In most cases, the diagnosis of migraine is made on the basis of an anamnesis and physical examination. However, in some cases, the doctor may prescribe additional studies to exclude other causes of headache or evaluate the presence of complications. Such studies include:- Magnetic resonance tomography (MRI) of the brain: MRI allows you to obtain detailed images of the brain and identify structural anomalies, such as tumors, aneurysms or malformations of blood vessels. MRI is usually prescribed for suspected secondary headache (headache caused by another disease).
- Computed tomography (CT) of the brain: CT uses x -rays to obtain images of the brain. CT can be made faster than an MRI, and can be used in emergency cases, for example, if the brain is suspected.

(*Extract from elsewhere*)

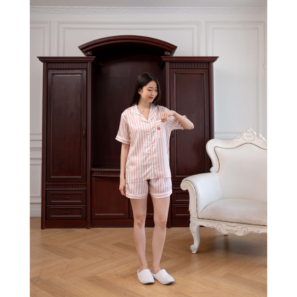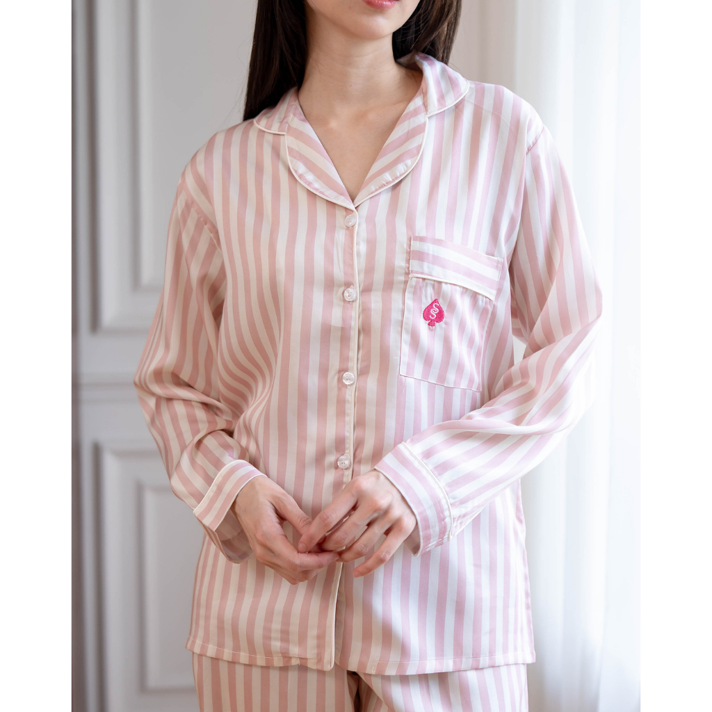 Surrell SleepwearSpade CollectionORGANIC SILK Tencel Pajamas Stripes Set Piyama Wanita Lengan Panjang Long Sleeve Set

- ElectroenceianChalograph (GCH): EEG measures the electrical activity of the brain. EEG can be useful in the diagnosis of epilepsy or other diseases affecting the function of the brain. EEG is not a routine study in migraine, but can be prescribed in some cases, especially if the patient has cramps or changes in consciousness.
- Lumbal puncture (spinal puncture): This procedure includes extracting a small amount of spinal fluid from the spinal canal. Lumbal puncture can be performed in case of suspicion of infection of the brain or spinal cord (meningitis) or hemorrhage in the subarachnoid space.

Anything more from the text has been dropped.